WHAT NEEDS TO BE DONE ▸ Only the lines below, from the one with "Classy Gold Floral" through the one with "技術實力方面,在數個月前的上", are to be written out, exactly.
(TASK DATA Opens)
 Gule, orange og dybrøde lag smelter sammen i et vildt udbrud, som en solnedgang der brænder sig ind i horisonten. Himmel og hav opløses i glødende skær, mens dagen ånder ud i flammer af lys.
(TASK DATA Closes)
(TASK DATA Opens)
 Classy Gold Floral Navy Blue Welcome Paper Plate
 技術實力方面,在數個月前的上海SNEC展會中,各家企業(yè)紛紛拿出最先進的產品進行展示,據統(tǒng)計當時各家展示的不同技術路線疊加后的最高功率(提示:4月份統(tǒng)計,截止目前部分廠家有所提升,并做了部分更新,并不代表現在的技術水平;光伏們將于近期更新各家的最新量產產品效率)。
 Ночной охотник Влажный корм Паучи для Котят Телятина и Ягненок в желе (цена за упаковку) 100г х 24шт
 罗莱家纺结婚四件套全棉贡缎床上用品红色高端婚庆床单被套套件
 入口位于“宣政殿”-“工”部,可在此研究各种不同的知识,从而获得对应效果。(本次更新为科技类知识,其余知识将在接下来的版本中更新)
(TASK DATA Closes)
RESULT ▸
 Classy Gold Floral Navy Blue Welcome Paper Plate
 技術實力方面,在數個月前的上海SNEC展會中,各家企業(yè)紛紛拿出最先進的產品進行展示,據統(tǒng)計當時各家展示的不同技術路線疊加后的最高功率(提示:4月份統(tǒng)計,截止目前部分廠家有所提升,并做了部分更新,并不代表現在的技術水平;光伏們將于近期更新各家的最新量產產品效率)。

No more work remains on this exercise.